For find_rsb_nodir() the del_scan() need to be moved before clearing the
RSB_INACTIVE flag as del_scan() is has a WARN_ON() on it.
Fixes: c217adfc8caa ("dlm: fix add_scan and del_scan usage")
Signed-off-by: Alexander Aring <aahringo@redhat.com>
---
fs/dlm/lock.c | 52 +++++++++++++++++++++++++++++++++++++--------------
1 file changed, 38 insertions(+), 14 deletions(-)

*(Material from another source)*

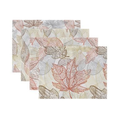 4’lü Renkli Sonbahar Yaprakları Motifli Amerikan Servis Seti

diff --git a/fs/dlm/lock.c b/fs/dlm/lock.c
index fc1d710166e9..a8885cf82913 100644
--- a/fs/dlm/lock.c
+++ b/fs/dlm/lock.c
@@ -824,8 +824,11 @@ static int find_rsb_dir(struct dlm_ls *ls, const void *name, int len,
r->res_first_lkid = 0;
}
- /* A dir record will not be on the scan list. */
- if (r->res_dir_nodeid != our_nodeid)
+ /* A dir record will not be on the scan list.
+ * Except if we are the master of the rsb.
+ */
+ if (r->res_master_nodeid == our_nodeid ||
+ r->res_dir_nodeid != our_nodeid)
del_scan(ls, r);
list_move(&r->res_slow_list, &ls->ls_slow_active);
rsb_clear_flag(r, RSB_INACTIVE);
@@ -989,10 +992,10 @@ static int find_rsb_nodir(struct dlm_ls *ls, const void *name, int len,
r->res_nodeid = 0;
}
+ del_scan(ls, r);
list_move(&r->res_slow_list, &ls->ls_slow_active);
rsb_clear_flag(r, RSB_INACTIVE);
kref_init(&r->res_ref);
- del_scan(ls, r);
write_unlock_bh(&ls->ls_rsbtbl_lock);
goto out;
@@ -1337,9 +1340,13 @@ static int _dlm_master_lookup(struct dlm_ls *ls, int from_nodeid, const char *na
__dlm_master_lookup(ls, r, our_nodeid, from_nodeid, true, flags,
r_nodeid, result);
- /* A dir record rsb should never be on scan list. */
- /* Try to fix this with del_scan? */
- WARN_ON(!list_empty(&r->res_scan_list));
+ /* A dir record rsb should never be on scan list.
+ * Except when we are the dir and master node.
+ * This function should only be called by the dir
+ * node.
+ */
+ WARN_ON(!list_empty(&r->res_scan_list) &&
+ r->res_master_nodeid != our_nodeid);
write_unlock_bh(&ls->ls_rsbtbl_lock);
@@ -1431,15 +1438,32 @@ static void deactivate_rsb(struct kref *kref)
/*
* When the rsb becomes unused:
- * - If it's not a dir record for a remote master rsb,
- * then it is put on the scan list to be freed.
- * - If it's a dir record for a remote master rsb,
- * then it is kept in the inactive state until
- * receive_remove() from the master node.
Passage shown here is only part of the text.